I defined the efficiency function in JS, I turned the crank and I got this table. So what this is is the efficiency in bases 2 through 8 for the numbers 100, 1000, 10 000, 1 000 000 and 1 000 000 000.

It’s not just the shortest string. There’re two things that make it more costly. the first thing is: the more unique digits there are in a base, the more space it takes up to store the number in that base. And second: the more digits are needed to represent a number, the more storage it will take. So formula is: the length times the number of unique digits in a base.
We now define the efficiency of a base to be the efficiency of a huge number in that base. As our number approaches infinity, we get more and more accurate in our predictions.
The optimal integer base is base 3. The reason is that 3 is the closest integer to e. If you allow fractional bases, then base e is the most optimal. But if you ignore fractional bases (which you should be doing, because computers are very bad at fractional bases), base 3 is the optimal base.

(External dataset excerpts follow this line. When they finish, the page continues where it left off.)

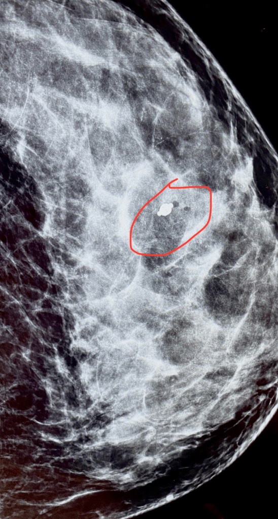 March 16 finally arrived, And Brian and I headed down to Mercy Breast Care, hoping to get some answers. Brian had to wait in the car because of the COVID-19 restrictions, and the especially considering the potential vulnerability of the patients that are seen in a breast radiology clinic. When I checked in with the receptionist, I asked the receptionist to verify which doctor I would be seeing…Because of my prior visit there I was hoping it would be Dr. Adnan Qalbani as he was such a comforting and compassionate provider during my past experience with the clinic. I was shocked when she said it would be neither Qalbani (Adnan’s mother is also a breast radiologist)…The senior Qalbani was not working in the clinic (especially since the pandemic began) and Adnan was out of town. She informed me I would be seeing Dr. Jill Veccio, his associate from Denver. So right off the bat, I was a little bit apprehensive with a new face in the mix, but those fears soon vanished as soon as I met her. First stop was the dressing room – to change into my “open in the front” hospital robe , and shortly after I changed, the tech came to get me for my ultrasound. As you can imagine I was nervously chatting with her and just kind of wondering what my reality was going to end up looking like… Of course every time she had measure some thing and click the mouse, I’d like “what was that”? …I remember seeing her put some numbers and measurements on the screen… And she left to get Dr.Jill….After what seemed like a really long time, They came into the room Dr.Jill instantly commented that she liked my cowboy boots…😂 she knew the way to this girl’s “good side”. She then explained that on my screening mammogram, they had seen a lot of calcifications and she was hoping to see that they laid out into a nice pattern instead of “random calcifications” here and there. She couldn’t seem to find any sort of pattern or uniformity in the layout of the calcifications despite having me change my position a few times. If there is a pattern or some sort of uniform appearance to the calcifications, they are more likely to be associated with a benign process (in other words not cancerous). Still, she did not raise the alarms yet…she told me that “sometimes gravity can help, so when we have you on the stereotactic table…” (which is basically what I would describe as a “dangling mammogram”) she continued “and once you’re in that position and sometimes those calcifications will fall into a pattern”. Dr. Jill went to consult with another patient…I went to the next waiting room 😂…The tech was a sweetheart (&also named Jill) & such a joy to visit with. They really know what they’re doing at that place and how to set the patient at ease that’s for sure… So I got up on the stereotactic table… It was quite high up and I love a challenge so I was like nope I got this and I crawled up there without batting an eye…It was basically like an unpadded massage table (very firm and not comfortable… I think I was dehydrated at the time I just couldn’t seem to get comfortable)but once we figured it out, she got my left boob adequately “dropped” through the hole ,got it all compressed & voila! the image of my left breast was up on the monitor. I do remember her looking for the right area and gasping “but you have so many!”…I believe I said “Whelp …I’m an all or nothing type of girl…anything I do , I go big or go home!” We both kind of laughed and Dr.Jill came back in, made sure everything was where it needed to be on the screen , Thshe said unfortunately those are not laying out like I hoped they would, so we’re going to have to proceed with the biopsy. She gave me a lidocaine shot to numb the biopsy area on my outer lower quadrant of my left breast. She was so comforting and did such a great job explaining every little movement she was making, as well as preparing me for what sounds I would be hearing (i.e,” now you’re going to hear a popping noise…like opening a bottle of champagne and that’s just a needle going in”and then she explained I was hearing the biopsy samples being vacuumed back up into the collection port, and then after the news collects three tissue samples, the machine washes out (also called lavage or irrigation) the inside of my breast where the needle was with normal saline…And then they placed a marker “so the surgeon could find it if I needed surgery” …that’s probably when I started to think…uhhhh this is probably not going to end the way that I hoped…I just felt like everything was gonna be fine and really be some diabetes related change that they were seeing in my breast or some other benign process. The tech applied pressure to the biopsy site incision for several minutes and then took a another mammogram image so we could see that the marker was in the right spot etc. I was able to sneak a picture -before I knew it wasn’t allowed…I just had my phone out because I was texting Brian that I was about done and quick snapped a picture of the screen. I still think it’s weird that you’re not allowed to take your own pictures like that but I guess I can see where sometimes information like that could be dangerous in the wrong hands. The tech gave me a little round ice pack to put inside of my bra and I was on my merry way! Now I just had to wait for the doctor to call me with my results in 3 to 4 daysI… was hoping that I would get the results by Friday as this was a Tuesday and I wouldn’t have to go all weekend waiting and wondering. Honestly, I was just ready to get my “good news” and move on. I think that was just me being in denial, because there were several intuitive moments and signs, in retrospect, an apparent attempt to prepare me for what was coming, but like they say, ignorance is bliss!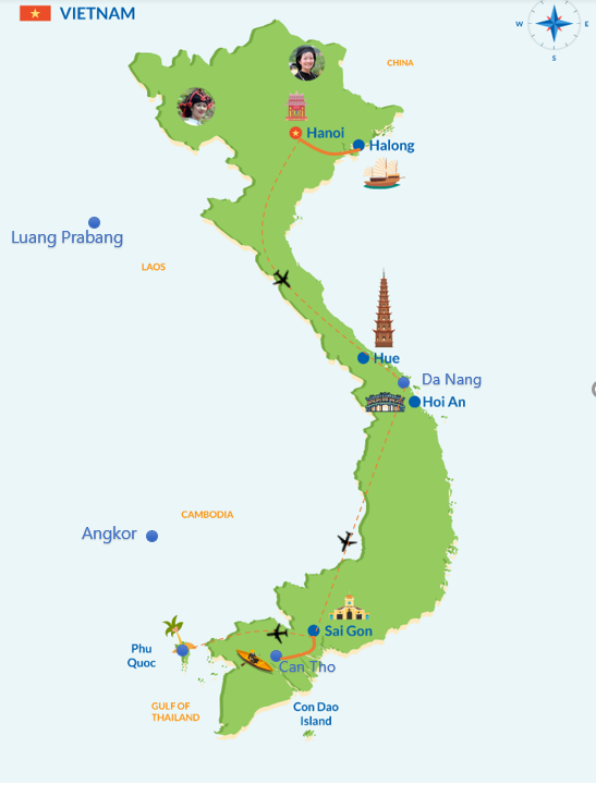 Hanoi et ses temples traditionnels; les maisons anciennes d’Hoi An, les vergers luxuriants du delta du Mékong; les hôtels de luxe sans oublier les paysages sublimes de la baie Halong… Ce voyage vous offre de nombreuses découvertes intéressantes en mode confortable.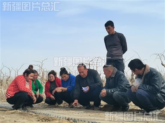 2024年3月11日,泽普县奎依巴格乡农技人员为农户讲解洋葱种植技术。
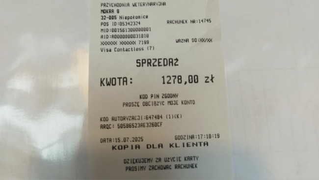 Za badania, zabieg i leczenie pozabiegowe zapłaciłam 1278 zł.

So why do computers use base 2 to store data? The answer is: some of them don’t! And I’m not talking about quantum computers, I’m talking about photonic computers. Computers that use light to store stuff. And that light actually has 3 states, not 2: an off state, a “positive” state, and a “negative” state. So these computers are ternary, but with 0, 1 and -1 instead of 0, 1 and 2 as their digits! (There’s no agreed writing for it, but I like to use 0, + and -.)
This weird base is called balanced ternary.